He tries to offer a balanced view.
The federal minimum did not change from 1981 to 1990, causing its inflation-adjusted value to fall 30 percent during that time. Wages in the bottom of the income distribution fell sharply, even more sharply than they have in the last decade. The inflation-adjusted wage of a worker at the 20th percentile of the distribution dropped 9.5 percent from 1981 to 1990, according an analysis of government data in the forthcoming book “The State of Working America, 12th Edition,” by the Economic Policy Institute.
…Since 1990, though, the minimum wage has risen.
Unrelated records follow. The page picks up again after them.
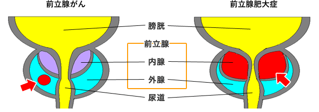 前立腺は男性の膀胱下に、尿道を囲むようにあります。主な病気は、前立腺がんと前立腺肥大症で、発生場所が異なります。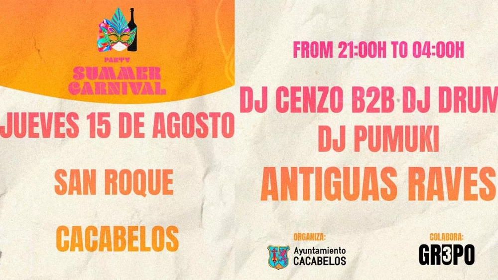 El Ayuntamiento de Cacabelos presenta el 'Party Summer Carnival' el próximo jueves 15 de agosto para celebrar las fiestas del barrio de San Roque. Destaca la participación con el festival musical Monoloco Fest, McDonald´s León, la Moncloa de San Lázaro y el bar San Roque como patrocinadores. También contará con la colaboración de Grupo 3.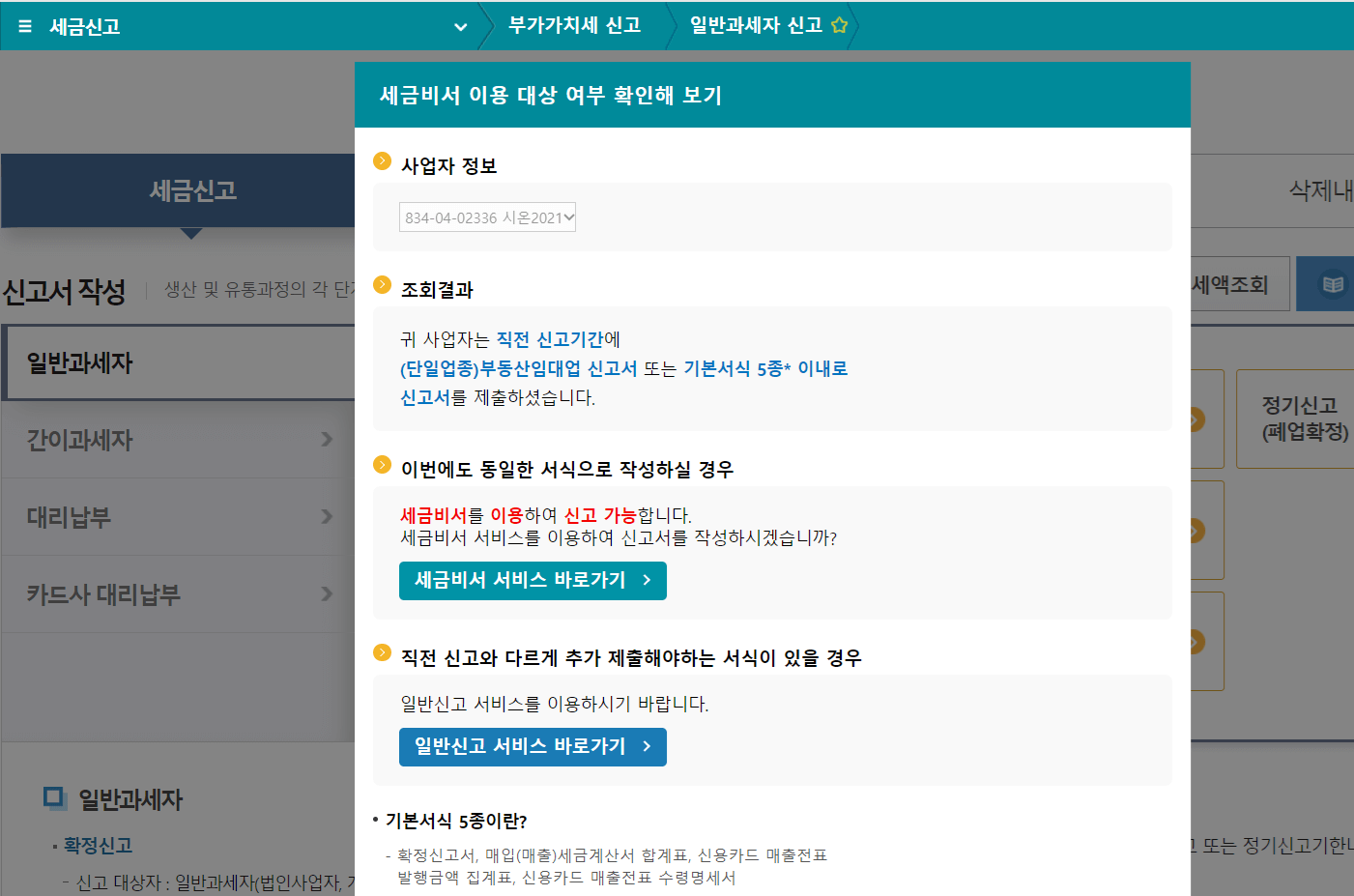 세금비서를 이용할까? 했다가 저번에 그렇게 안해도 간단했던거 같아서 이 팝업창 지우고 계속 진행합니다.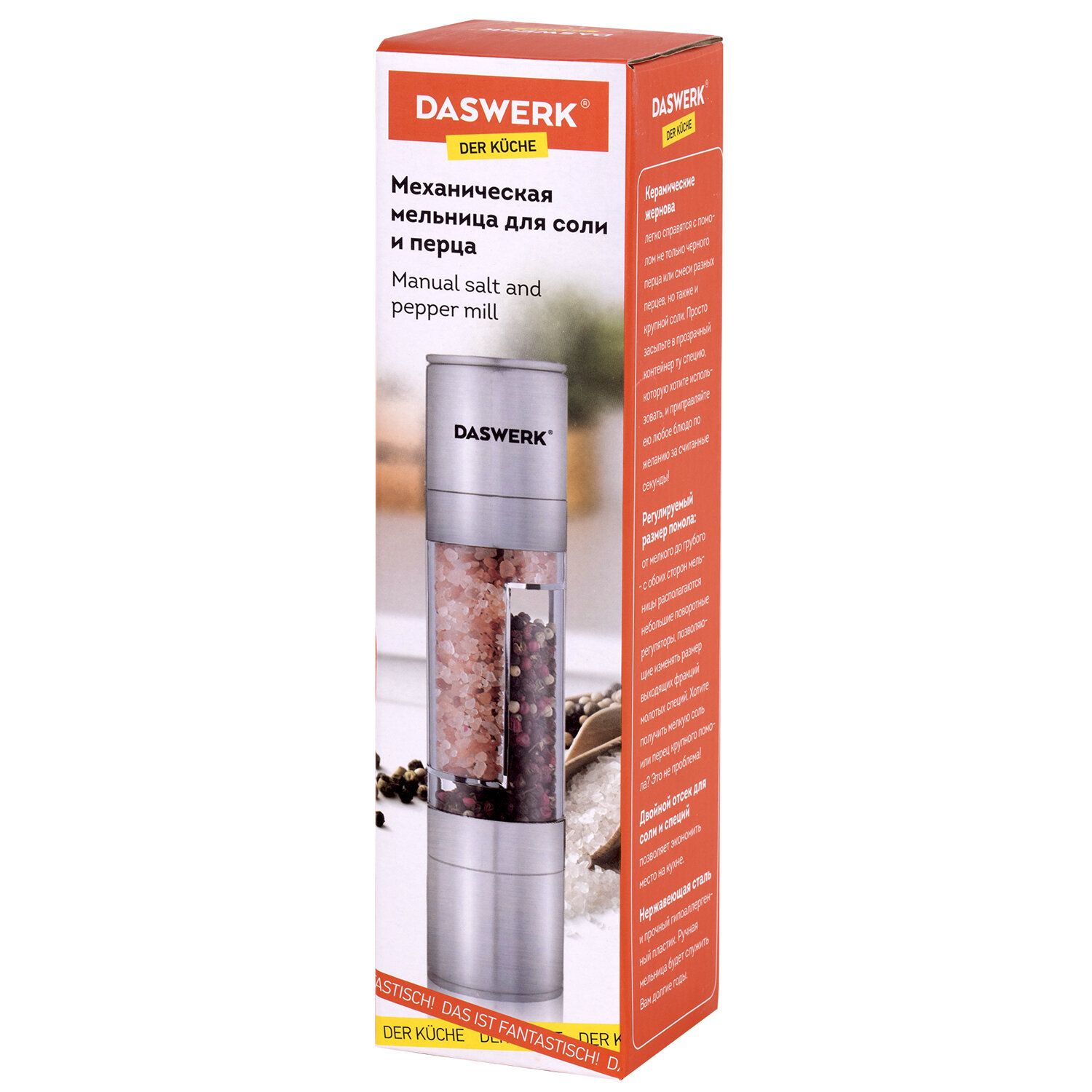 - Механическая мельница для соли и перца 2 в 1, 4 уровня помола, нержавеющая сталь, DASWERK, 456627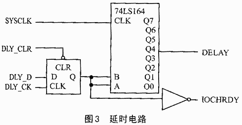 在MCS51与PC104进行通信的过程中,DLY_D信号一直有效(高电平)。在信号SYSCLK的作用下,每5个时钟周期DELAY信号有效一次,即为高电平。此时DLY_CLR信号有效(低电平),IOCHRDY信号变为高电平,PC104可以读写数据。

If you’re trying to understand why every income group except for the affluent has taken an income cut over the last decade, you probably shouldn’t put the minimum wage at the top of your list of causes.
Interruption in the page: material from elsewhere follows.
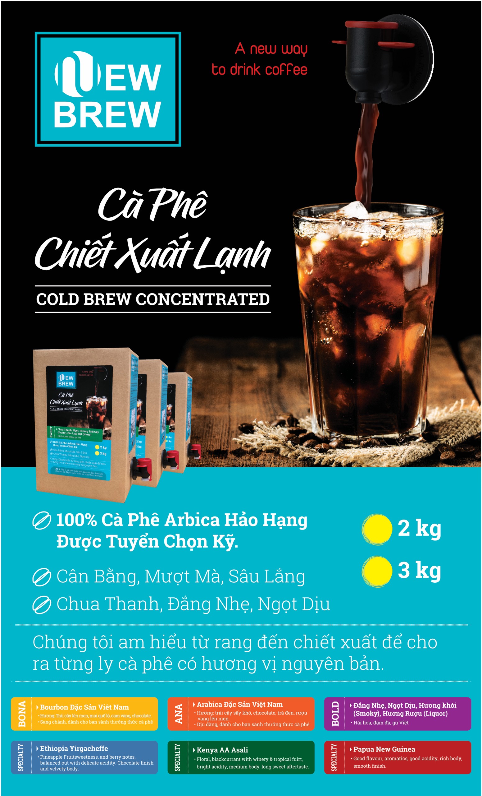 ✨Cà phê chiết xuất lạnh New Brew, Cold Brew, pha sẵn NewBrew BOLD, hộp 2 Kg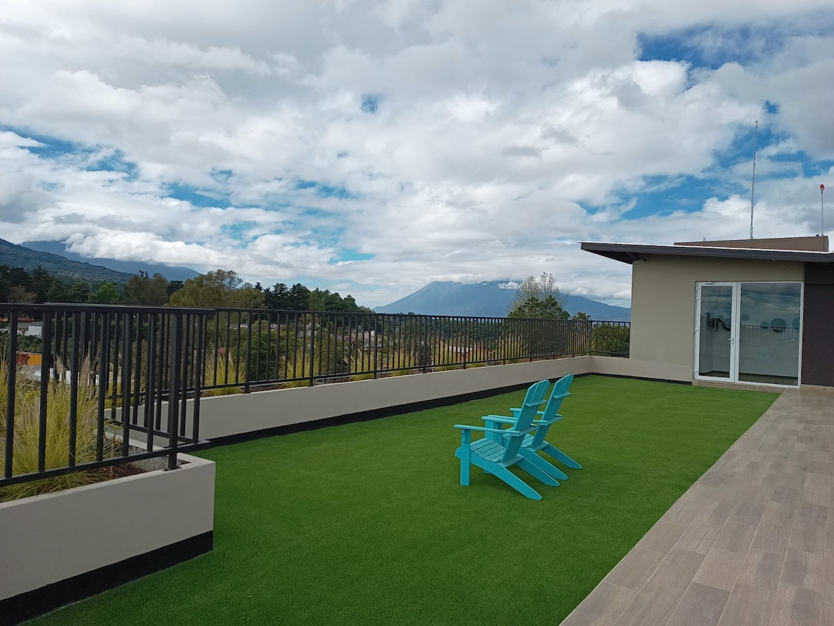 Discover your perfect place to stay, where beauty and peace meets. This apartment offers a complete modern living experience, just 10 minutes away from Antigua Guatemala and 15 minutes away from San Lucas. Surrounded by natural forests and trails for exploration, it features barbecue areas for your grilling, a pool to cool off, and places designed to capture the most breathtaking panoramic views of the volcanoes. Experience peace and adventure, all in one place.

And if you are trying to guess which NYT columnist wrote this, you probably shouldn’t put Paul Krugman on your list of possible authors. Cross off Tyler Cowen, also, although he did link to the column.
Try David Leonhardt.
It should be combined with this column by David Neumark (that Tyler Cowen also linked to) pointing out that the decline in the minimum wage coincides with the increase in the EITC. If you look at “minimum wage plus EITC for a minimum wage recipient,” the number is much more stable. Though EITC doesn’t go to teenage children of middle class families, which is a feature, not a bug.
The EITC, plus SNAP.
I don’t trust writers who cite either the Economic Policy Institute or the Heritage Foundation. Their biases (left and right, respectively) are just too strong, and writers who cannot find better sources are not doing their job.
What is missing from the discussion is that the intersection of “the poor” and “minimum wage earners” is very small indeed. I understand those who wish to raise the minimum wage for a vague idea of justice (I disagree, but I understand them). I do not understand those who argue raising it to fight poverty. It’s a non sequitur.